Thursday, August 2, 2012: 5:00 PM
Faculty of Economics, TBA
Oral Presentation
Since 2010, more than half of world's urban population resides in Asian cities, and this proportion is expected to keep increasing for the next thirty years. With another 600 million newborns and migrants likely to join the ranks of Asian city dwellers in the next fifteen years, Asian metropolises and megaurban regions will certainly continue to dominate world rankings in terms of sheer size. Large East Asian cities also seem to be among the major beneficiaries of the newest wave of global integration. They are in the most dynamic region of the world economy, benefitting from large pools of migrant labor and with fewer legacy issues to deal with than their western counterparts. There should be little surprise then that instead of catching-up gradually, major East Asian metropolises often seem to have leapfrogged over the competition. They steal the spotlight not only by having the tallest skyscrapers, fastest trains, busiest airports, and longest bridges, but also the best schools and hospitals, avant-garde architecture, and the ability to stage spectacular events. Moreover, as the protagonists of the new polycentric, post-western modernity they are increasingly in position, for the first time ever, to define the standards and visions of what it means to be modern.
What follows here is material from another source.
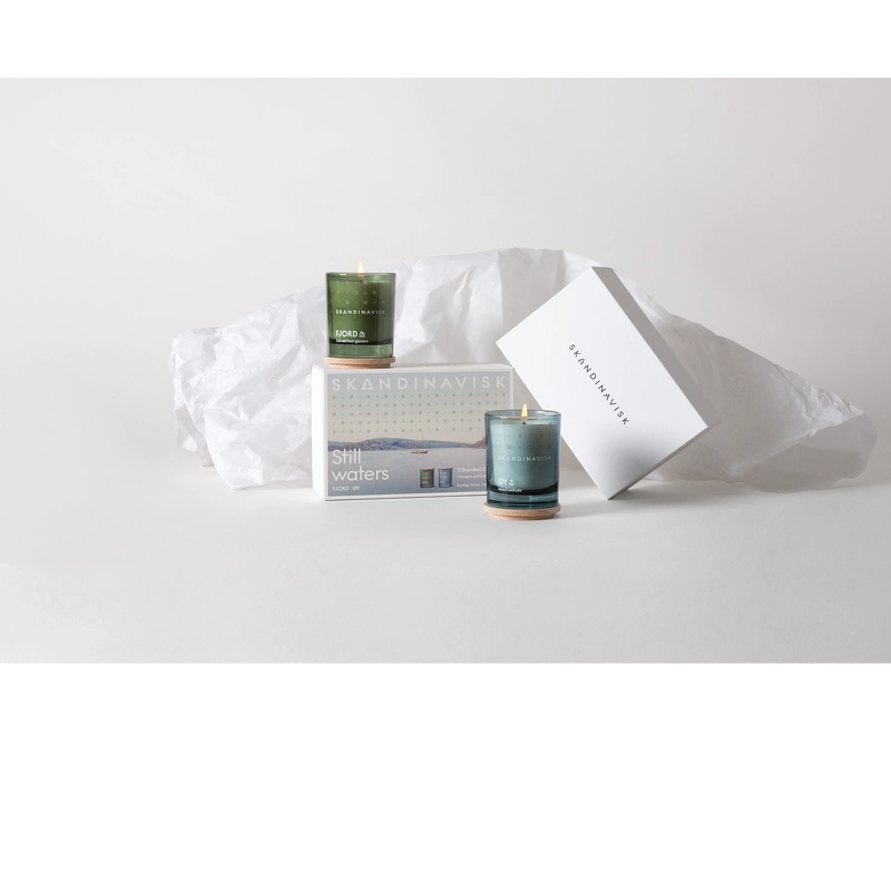 SKANDINAVISK Still Waters Scented Candle Giftset er et lækkert gavesæt med 2 små duftlys med noter inspireret af vidunderlige dufte, som man forbinder med endeløse dage brugt i en sommerdis langs kysterne.

This paper draws on preliminary results from a multidisciplinary project on "Asian Cities as Centers of Global Modernity" and analyzes the relations between city makers, their visions of modernity, and the resulting styles of governance in four major Asian metropolises: Beijing, Shanghai, Hong Kong and Singapore. The focus is on the proliferation of city makers and the process through which they articulate their respective agendas into practical aspects of urban planning and management. The conclusion draws general implications for the twin questions of "who do the global cities belong to?" and "how are they to be governed?"